For $k=8$ and $N=250$, Wolfram gives $\pi \approx 3.1395072$.
Notes
When joining the $b=4(k+1)$ boundary lattice points to form the polygon, there are possibly other integer points in-between
$$\text{gcd}(|x_2 - x_1|, |y_2 - y_1|) - 1$$
so it's a rough approximation of $b$.
For example, a circle $x^2+y^2=5^2$ with boundary points $(10,5),(5,10)$ has four other points in-between $(9, 6)$, $(8, 7)$, $(7, 8)$, and $(6, 9)$. Does there exist a formula to compute the exact number of boundary points?
Update
To hopefully improve the numerical issues for $k>9$ as noted in the answer, I've submitted this question
Currently, the $\pi$ estimate uses $b \approx 4(k+1)$ which isn't very accurate. For example, $k=14$ has $b\approx60$ points, however, the true number of boundary points is $b=117540$.

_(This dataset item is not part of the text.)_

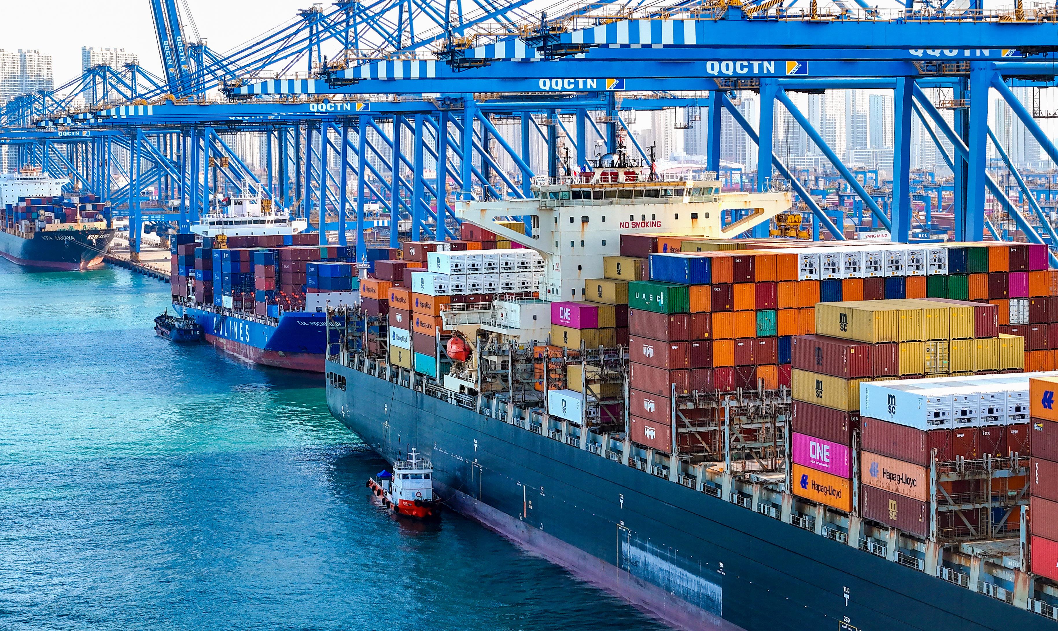 △貨輪在山東港口青島港全自動(dòng)化碼頭裝卸貨物。

For an N-polygon, the precise total number of boundary points is
$$b = \underbrace{4(k+1)}_{\text{Vertices}} + \underbrace{\sum_{i=0}^{N-1}\left(\gcd(|x_{(i+1)} - x_{i}|, |y_{(i+1)} - y_{i}|) - 1\right)}_{\text{Total Points In-between Vertices}}$$
So, perhaps a better $\pi$ estimate is
$$\pi \approx \frac{i + \frac{b}{2} - 1}{r^2}$$
where
$b = 4(k+1)+\sum_{i=0}^{N-1}\left(\gcd(|x_{(i+1)} - x_{i}|, |y_{(i+1)} - y_{i}|) - 1\right)$
$r=\sqrt{5^k}$
$i = N(\sqrt{5^k}) - b$
If we look at
$$a_k=\sum_{i=0}^\infty\left(\left\lfloor \frac{5^k}{4i+1}\right\rfloor - \left\lfloor \frac{5^k}{4i+3}\right\rfloor\right)$$ they generate the sequence $$\{1,5,20,100,490,2452,12269,61360,306776,1533987,\cdots\}$$ Now, for your formula $$b_k=\frac{4 a_k-2(k+1)}{5^k}$$ generate the sequence $$\left\{2,\frac{16}{5},\frac{74}{25},\frac{392}{125},\frac{78}{25},\frac{9 796}{3125},\frac{49062}{15625},\frac{245424}{78125},\frac{1227086}{390 625},\frac{6135928}{1953125},\cdots\right\}$$
Converted to exact decimal numbers $$\left( \begin{array}{cc} k & b_k \\ 0 & 2.0000000000 \\ 1 & 3.2000000000 \\ 2 & 2.9600000000 \\ 3 & 3.1360000000 \\ 4 & 3.1200000000 \\ 5 & 3.1347200000 \\ 6 & 3.1399680000 \\ 7 & 3.1414272000 \\ 8 & 3.1413401600 \\ 9 & 3.1415951360 \\ \end{array} \right)$$
For $k>9$, a lot of serious numerical issues.